И в полдень садишься за стол и опять ешь, потом отдыхать ложишься на высокой постели под пологом, в котором нет ни пылинки.
Потом ужин, потом одинокий сон на той же пышно взбитой постели.
Во сне приходят видения ужасные и видения светлые, и неизвестно, какие больше мучают сердце — ужасные или светлые.
Лежишь и смотришь в теплую темноту и только одного чаешь — скорей бы утро. А утром думаешь — скорей бы день прошел и ночь прикрыла все.
А прикроет — ночью опять вспоминается всякое, чаще всего — розовый плат, как ступила на него рядом с Борисом Федоровичем. Его борода вспоминается и белая рука. Перстень с изумрудом на пальце, а меж пальцами струйкой бежит кровь. И гремит по камню телега с пожитками, и глядят на телегу люди.
«Чтой-то ты в крови, Борис Федорович?» Нешто так замышлялось, когда ступали рядом на розовый плат?
Вот такая пришла жизнь — либо ешь, либо лежишь во мраке, терзаемая воспоминаниями.
Такова стала жизнь.

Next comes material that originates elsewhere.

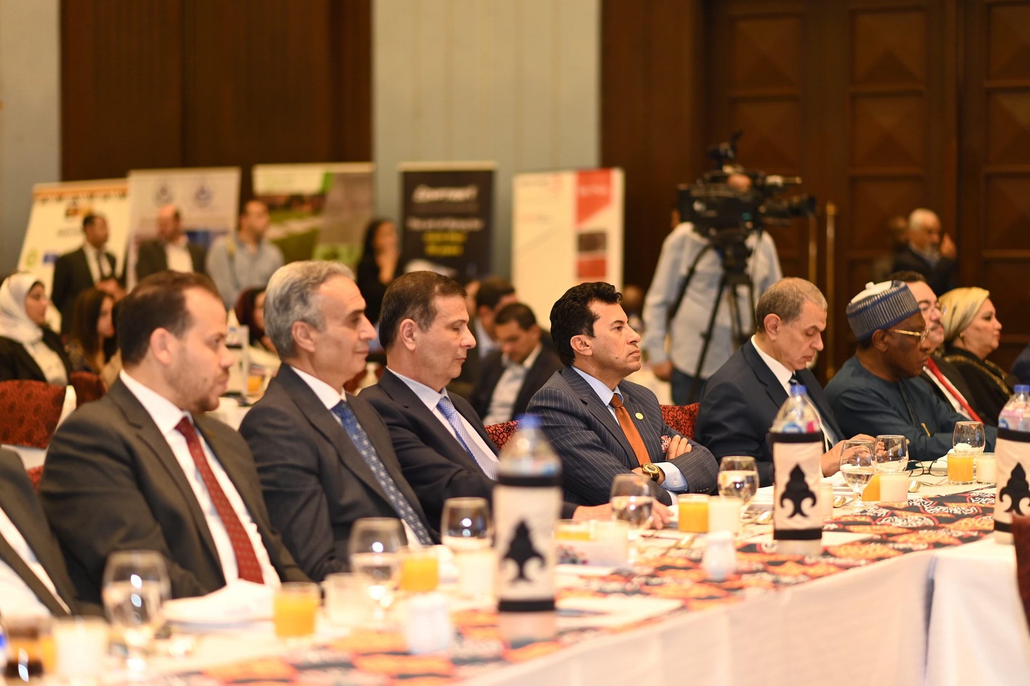والدكتور يسرى الشرقاوي رئيس الجمعية وبعض السادة السفراء وشركاء التنمية من المؤسسات والمنظمات الدولية والاقليمية، ومشاركة ممثلين عن 40 دولة افريقية ورجال الأعمال والاستثمار
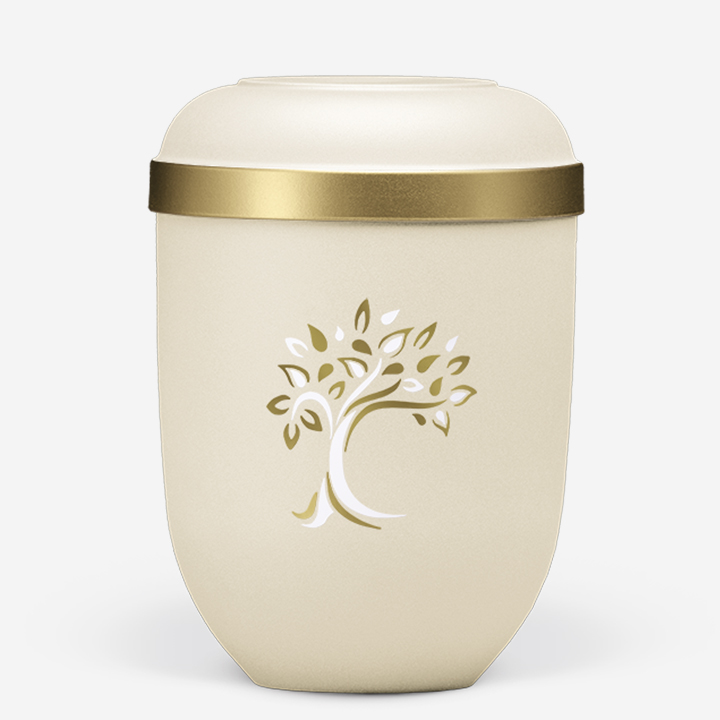 Naturstoffurne, Hell Beige Velours, Baum ART-Dekor gold/weiß

Борису Федоровичу, может статься, ныне еще хуже: убить себя — грех тяжкий. Не бойся царица греха — не пожалела бы в свой черед истолочь какой-либо из своих алмазов.
Когда-то, в дни царствования, холоп бояр Романовых донес на своих господ — мол, держат зелье на царскую семью, волшебным зельем хотят извести всех Годуновых до последнего. Осерчал тогда Борис Федорович, приказал обыскать Романовых. Нашли корешки и травки и разметали Романовых кого куда. Теперь думается царице — лучше бы не поверить холопу, дать Романовым исполнить их замысел… Куда легче бы, думается, ныне лежать в сырой земле без воспоминаний и видений…
Но явятся страшные образы ада — огнь, и сера, и кипящее масло, образы, с малолетства нашептанные, и живет царица дальше, ест, и спит, и бродит по своим палатам, убравшись по-царски, с адом в душе.
Черный день Василия Шуйского
Говорили, что он изолгался: лгал царям и простому народу, лгал всемогущему господу и своей нечистой совести. В боярской думе лгал, на площадях, на кресте и Евангелье, в Москве и в Угличе.
И эта дорога лжи, говорили, ни к чему и не могла привести кроме того, к чему привела: к позору и гибели. И в том усматривали справедливость. Ибо такая ложь переполняет чашу даже небесного терпения и милосердия.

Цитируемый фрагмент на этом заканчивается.